That's weird about D3. Is is that package, or a required package, that is not available?

You might try to download the Windows binary and install locally (packages >> install from local files)?

https://cran.r-project.org/web/packages/networkD3/index.html

lecy commented 4 years ago

@jmacost5

I guess the part where we make the compound words into single words. I do not understand how to do that. Do I make a function that removes all of them from the dictionary or just the few that are listed?

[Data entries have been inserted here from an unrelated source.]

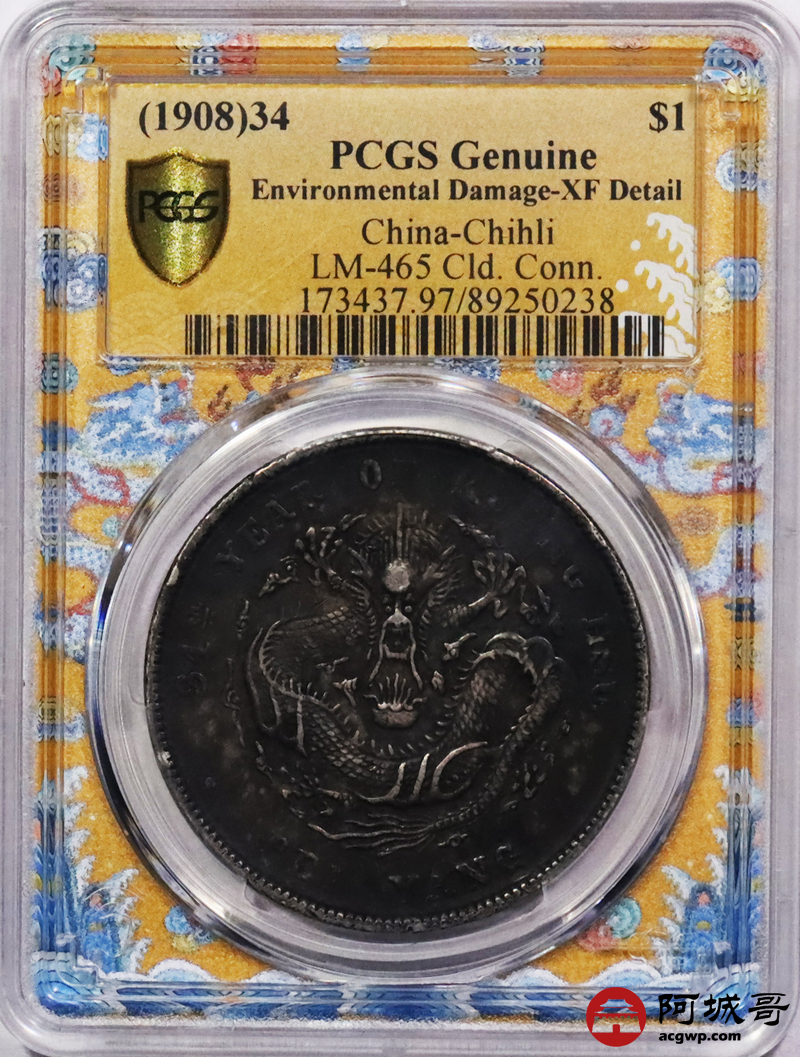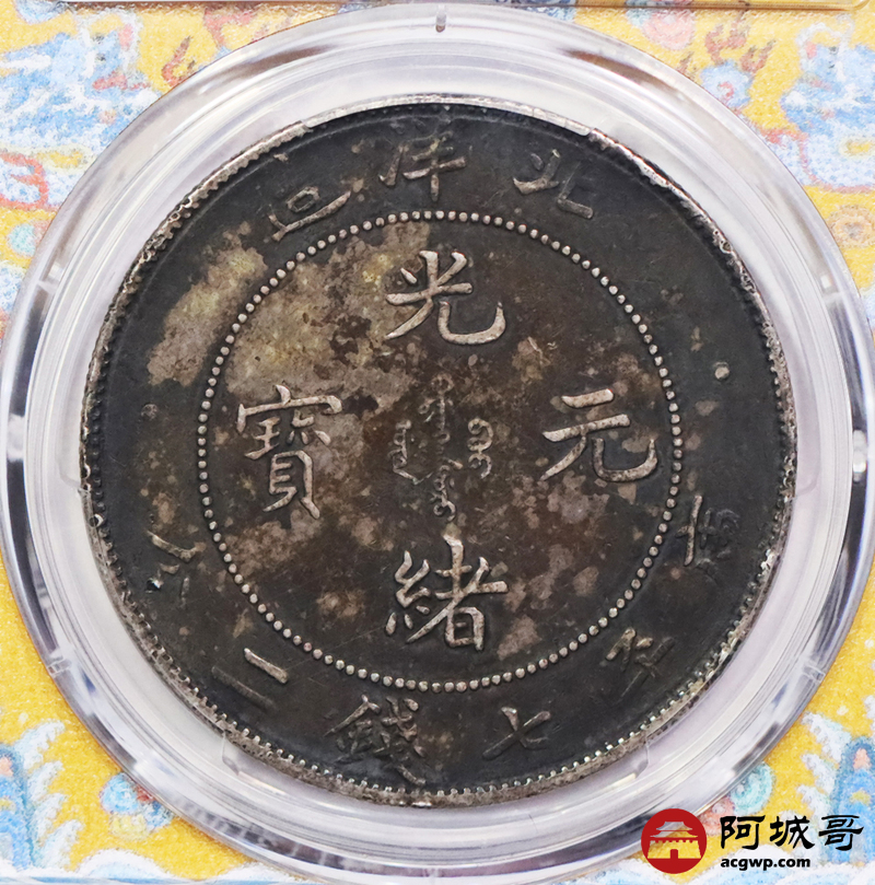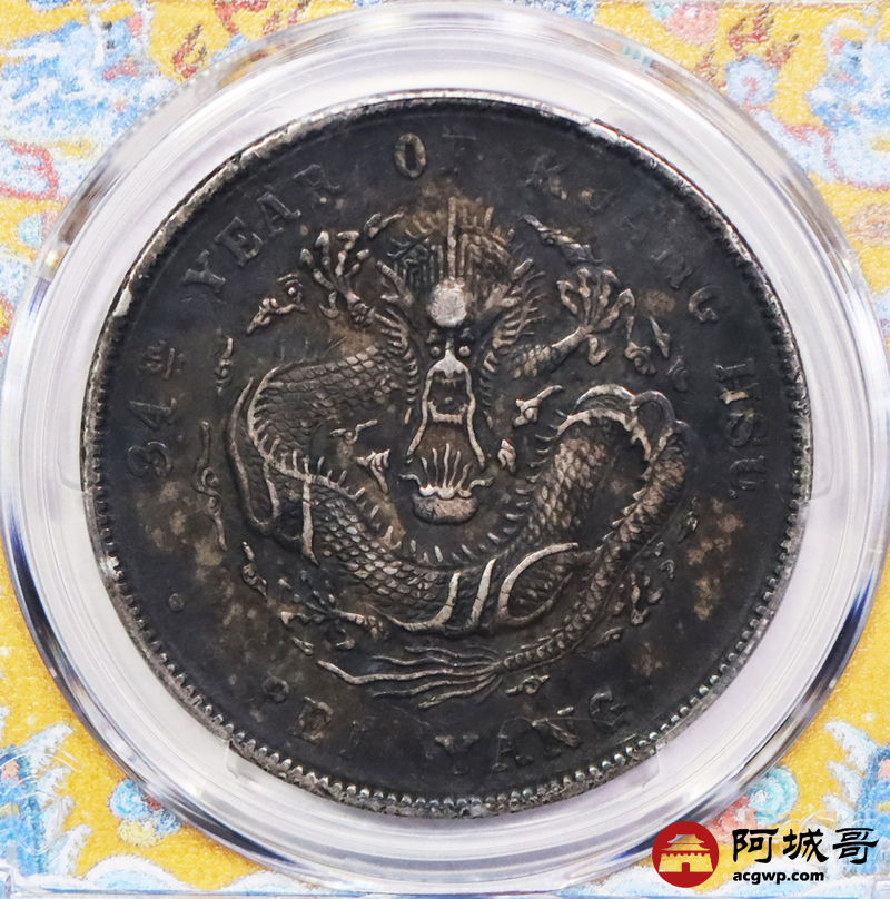Lot:3317 1908光绪三十四年北洋造光绪元宝库平七钱二分银币一枚,酱彩包浆 PCGS XF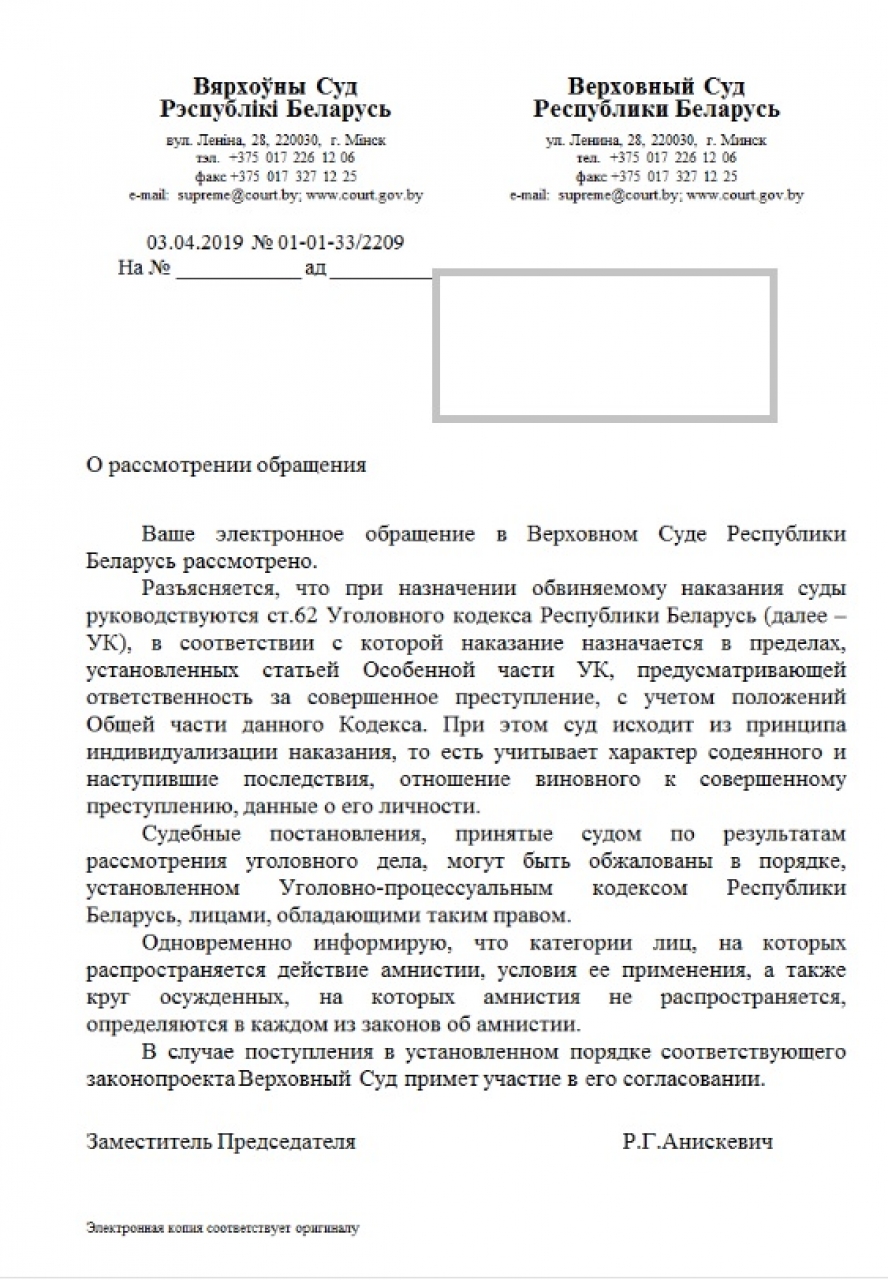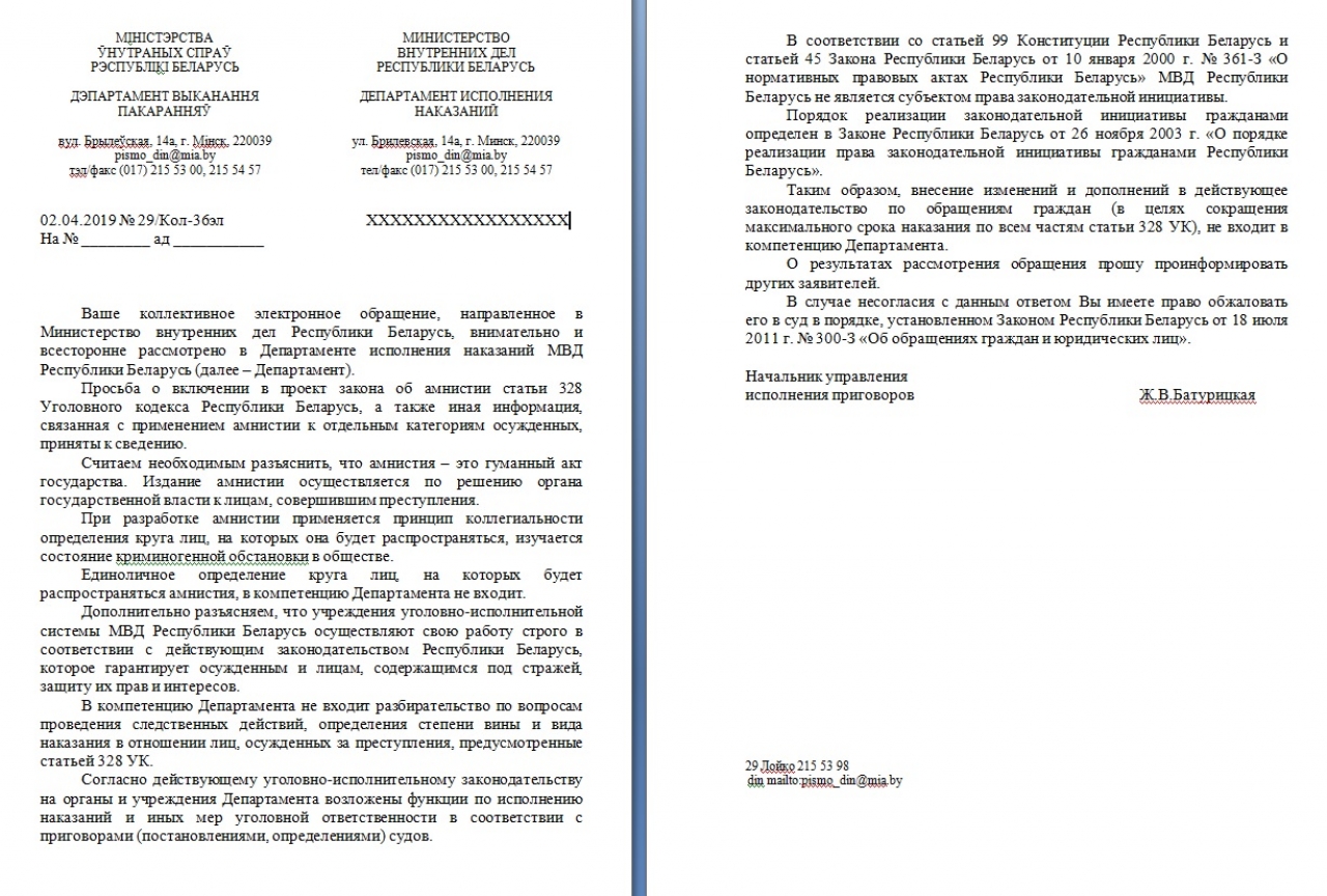 Просьба о включении в проект закона об амнистии статьи 328 Уголовного кодекса Республики Беларусь, а также иная информация, связанная с применением амнистии к отдельным категориям осужденных, приняты к сведению.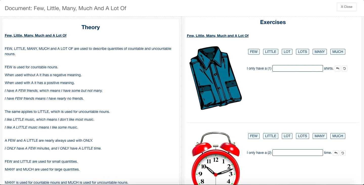 Tienes multitud de ejercicios de cada nivel. En esta tabla puedes encontrar el número aproximado de ejercicios de cada nivel. Se van añadiendo ejercicios constantemente.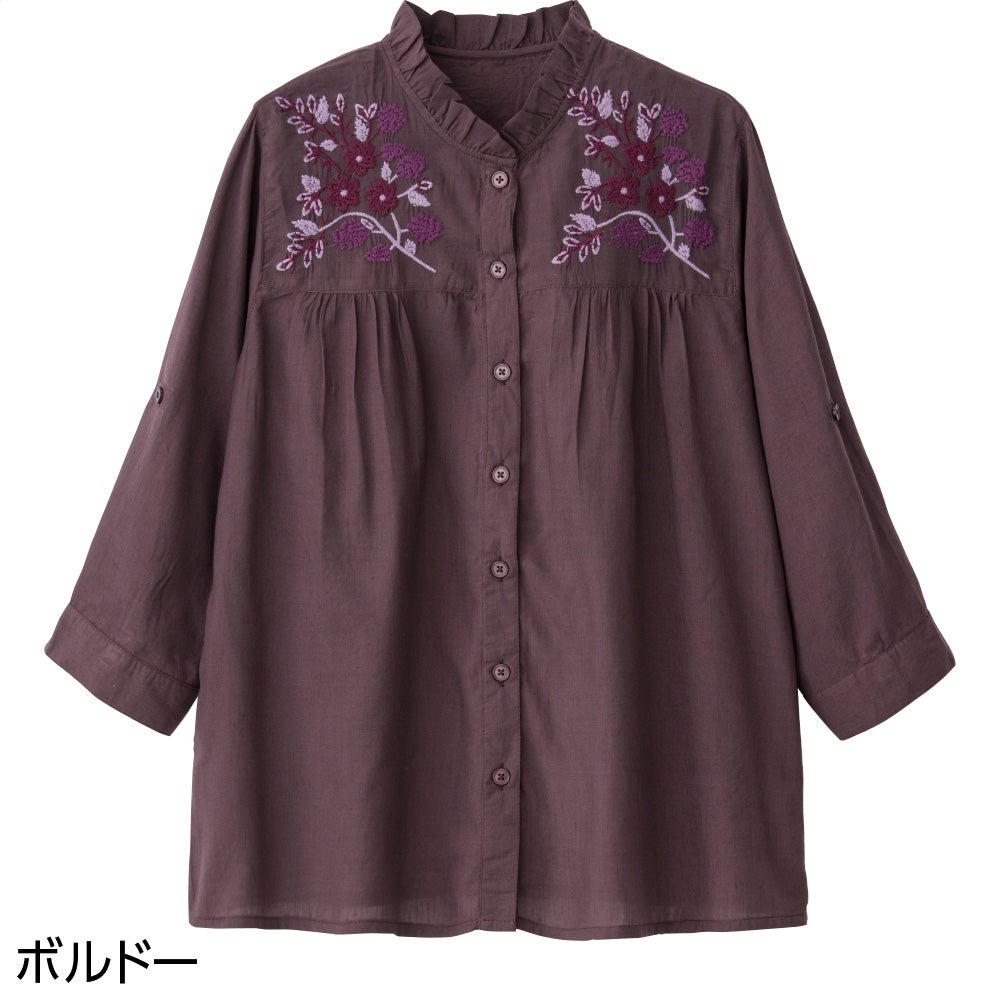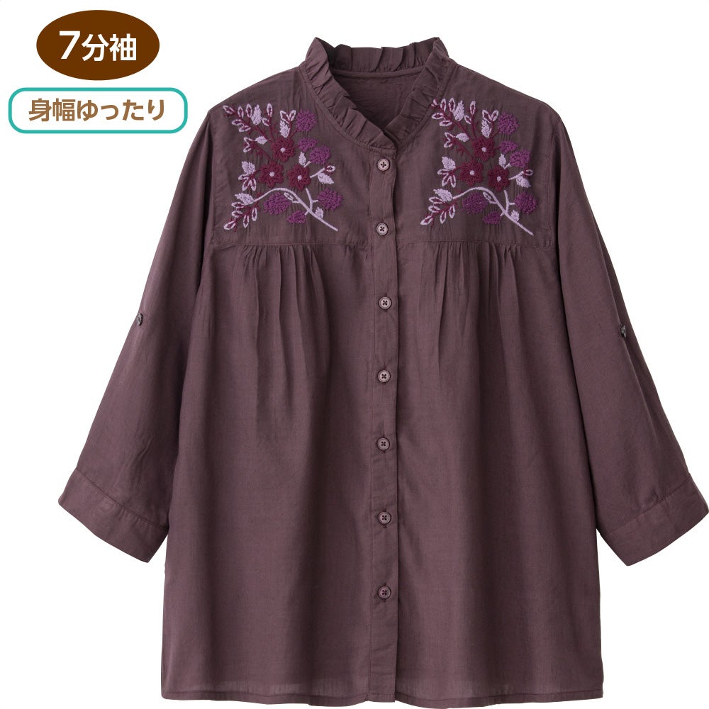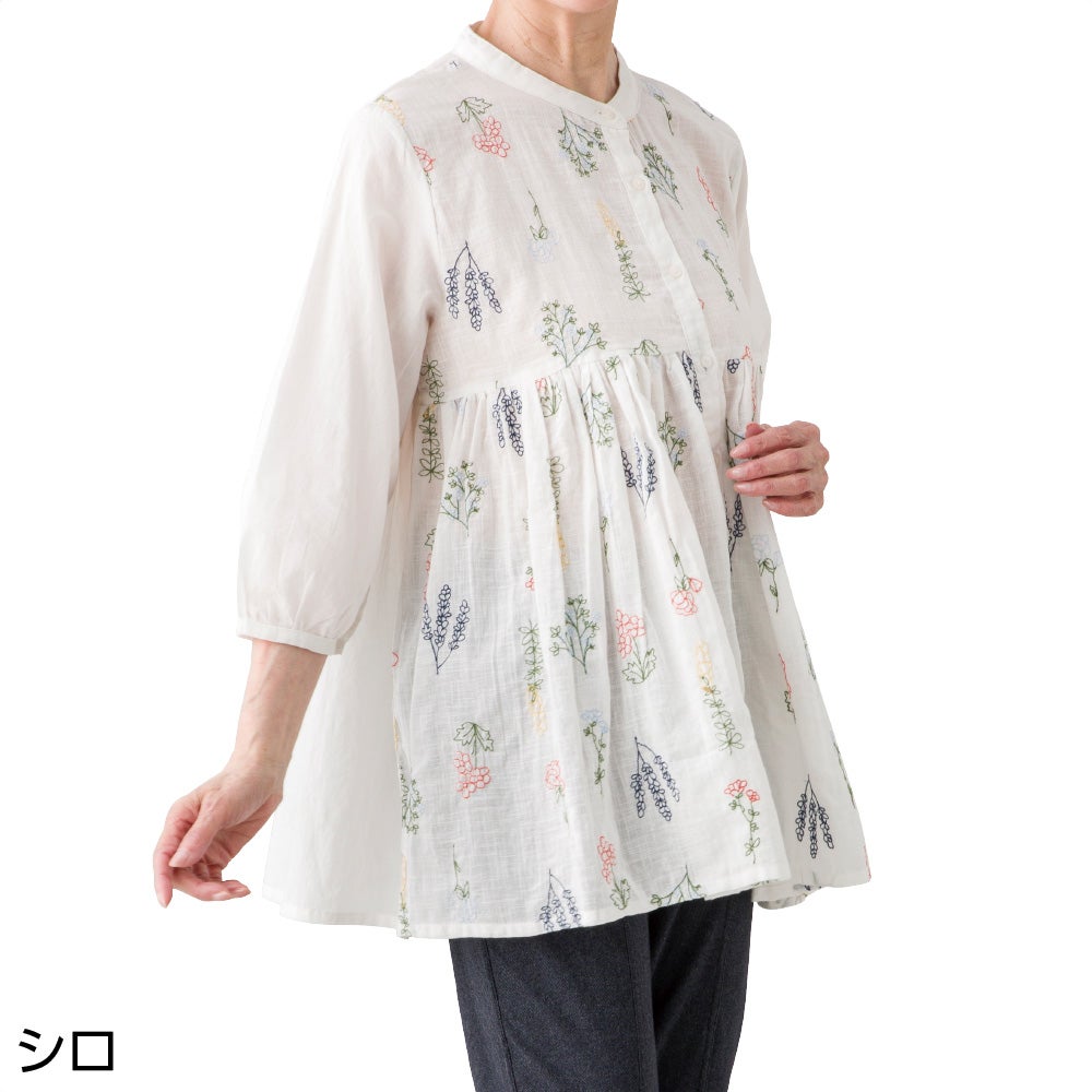 他の画像を見る 7分袖花柄刺繍前開きブラウス(婦人) LLサイズあり 綿100% 予約商品 こちらは予約商品です 予約販売価格 ¥ 4,378 税込 予約受付期間 2026/03/28 0:00 〜 2026/04/21 0:00 風を通す程よいふわっとシルエット。 サイズ M、L、LL カートに入れる お気に入りに登録する

Here is the step where you translate compound words into single words:

my_dictionary <- dictionary( list( five01_c_3= c("501 c 3","section 501 c 3") ,
                             united_states = c("united states"),
                             high_school=c("high school"),
                             non_profit=c("non-profit", "non profit"),
                             stem=c("science technology engineering math", 
                                    "science technology engineering mathematics" ),
                             los_angeles=c("los angeles"),
                             ny_state=c("new york state"),
                             ny=c("new york")
                           ))

# apply the dictionary to the text 
tokens <- tokens_compound( tokens, pattern=my_dictionary )
head( tokens )

Your job is to generate n-grams to find phrases that should be combined into single words. That step helps generate options for you to explore, then you would manually translate your selections to the dictionary list. You will add additional phrases or words to the dictionary similar to the examples:

non_profit=c("non-profit", "non profit")

When applied these multi-word phrases are replaced in the text.

These steps are other pre-processing steps:

# remove mission statements that are less than 3 sentences long
corp <- corpus_trim( corp, what="sentences", min_ntoken=3 )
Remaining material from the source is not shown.